My Top 5 items for a successful CRM Implementation

Over the last 11 years, I have deployed over 20 large Dynamics CRM implementations around the world. There has been a learning curve in every CRM implementation – it could be in the area of technology, business or strategy.

A successful CRM engagement can provide the organization with the potential for
• increased revenue growth,
• increased market segment share,
• increased margins through lower attraction and retention costs,
• greater customer loyalty and satisfaction, and
• improved business productivity through more streamlined and efficient workflows

Without the executive directive and alignment, constant communication and process coordination among complimentary initiatives and functions throughout the enterprise, organizations are more likely to end up with a failed CRM implementation.

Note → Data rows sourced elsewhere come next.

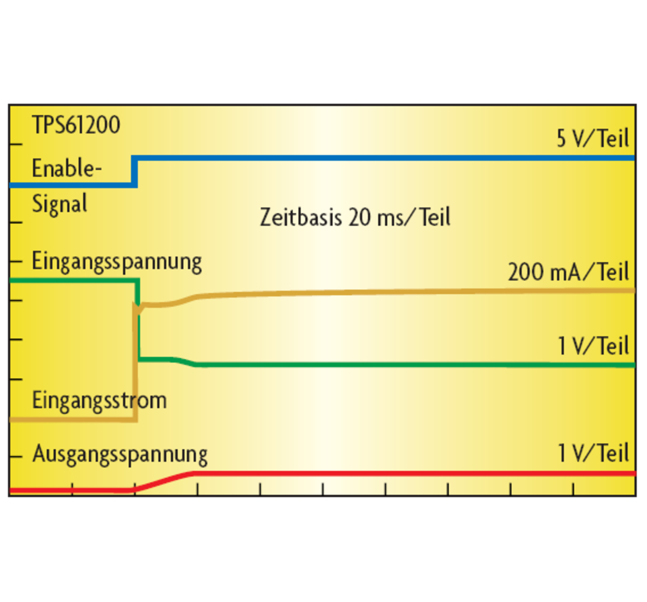 Bild 6 zeigt das Startverhalten eines Boost-Wandlers TPS61200, der auch bei sehr niedrigen Versorgungsspannungen arbeitet: Gleich nach dem Einschalten steigt der Eingangsstrom des Wandlers stark an. Der Wandler versucht damit, den Ausgangskondensator möglichst schnell aufzuladen.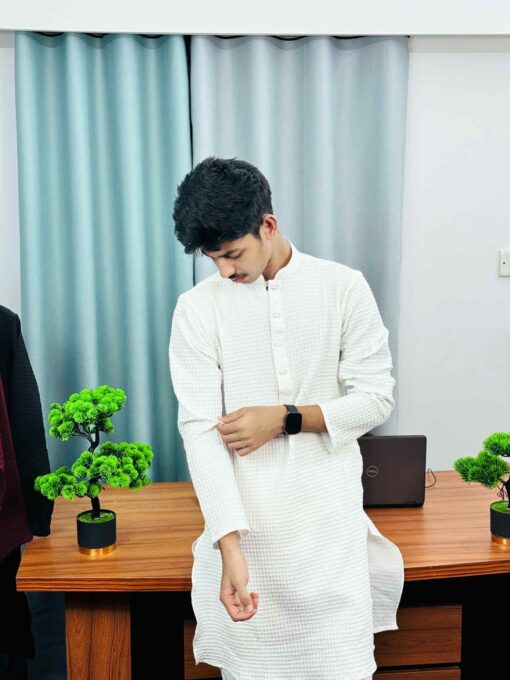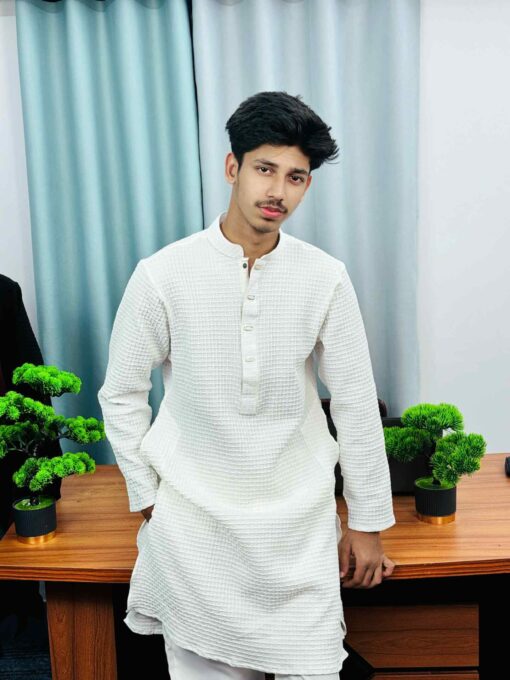Product Name: Premium Textured White Panjabi – Fixed Plus Collection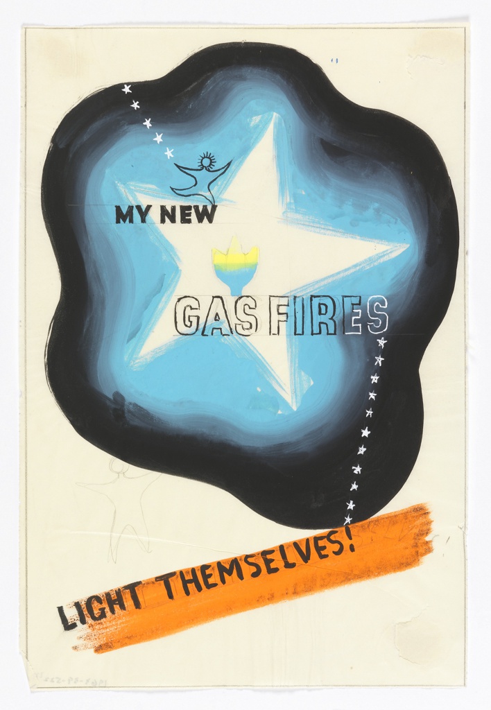 This is a Drawing. It was designed by Edward McKnight Kauffer and made for (as the client) Gas Light and Coke Company. It is dated ca. 1935 and we acquired it in 1963. Its medium is graphite, brush and gouache on tracing paper. It is a part of the Drawings, Prints, and Graphic Design department.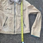 18x21.5 size L vintage y2k 2000s Aeropostale faux fur collar jacket. Fits super perfect because its shorter than most jackets and the faux fur is great quality and looks great irl. This is a retired personal for me nowadays. #fur #fauxfur #vintagejacket #aeropostale #2000s faux fur collar, cropped jacket, 2000s style, retro outerwear, beige bomber, quarter zip, authentic vintage, Y2K fashion, soft texture, casual cool

Here’s my top 5 items that I would include in my technology roadmap to organizations which would minimize the risk of a failed CRM implementation.

(1) Create a Blueprint – Develop a “CRM Blueprint” that supports the long-term business objectives and ties in existing, related quick hits. This roadmap is the compass that steers your CRM initiatives as you incrementally build the vision over time.

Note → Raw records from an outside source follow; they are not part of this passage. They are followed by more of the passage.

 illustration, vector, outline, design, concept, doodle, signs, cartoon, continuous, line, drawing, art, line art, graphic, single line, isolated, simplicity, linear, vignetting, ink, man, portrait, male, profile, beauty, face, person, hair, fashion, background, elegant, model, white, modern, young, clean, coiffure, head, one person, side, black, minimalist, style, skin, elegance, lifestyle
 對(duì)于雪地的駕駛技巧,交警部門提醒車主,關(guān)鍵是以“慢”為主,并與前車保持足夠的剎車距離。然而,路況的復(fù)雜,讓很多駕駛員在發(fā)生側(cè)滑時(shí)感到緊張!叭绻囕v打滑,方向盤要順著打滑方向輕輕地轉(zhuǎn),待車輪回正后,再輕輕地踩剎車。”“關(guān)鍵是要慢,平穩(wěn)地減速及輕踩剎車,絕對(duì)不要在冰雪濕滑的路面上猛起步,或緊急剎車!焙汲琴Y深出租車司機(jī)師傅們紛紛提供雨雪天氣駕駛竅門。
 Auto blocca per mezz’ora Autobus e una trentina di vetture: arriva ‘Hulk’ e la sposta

(2) Keep-it-Small-and-Simple – Define and prioritize initiatives and carve out meaningful “Phases” to deliver the highest value in the shortest amount of time. This builds ongoing support and momentum in the organization.

(3) Create Quick Wins – Develop and execute the Roadmap with milestones, grouped into phases of approximately 3 months. This approach allows you to incrementally build toward the vision, while providing interim benefits to the business along the way.

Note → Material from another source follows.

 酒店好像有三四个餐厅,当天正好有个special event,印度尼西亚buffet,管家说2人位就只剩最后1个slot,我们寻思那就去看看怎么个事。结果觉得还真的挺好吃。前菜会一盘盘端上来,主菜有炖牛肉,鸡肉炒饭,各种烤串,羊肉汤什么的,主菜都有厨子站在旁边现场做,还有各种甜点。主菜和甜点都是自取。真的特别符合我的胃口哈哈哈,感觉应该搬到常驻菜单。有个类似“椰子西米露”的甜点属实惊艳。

(4) Monitor and Measure Success – Develop a value scorecard to monitor and measure the return on investment for every phase.

(5) Plan for End-User Adoption – Training should not be underestimated. A Structured training will not suffice on its own. Use expert, 1: N, 1:1 “bite size” training chunks. A strategy has to be put a strategy in place for incremental launch and content conversion. A plan to measure adoption, for both executive sponsorship and feedback, has to be in place.

The above items is a large foot forward to help organizations and its people realize their potential, about being more than they currently are.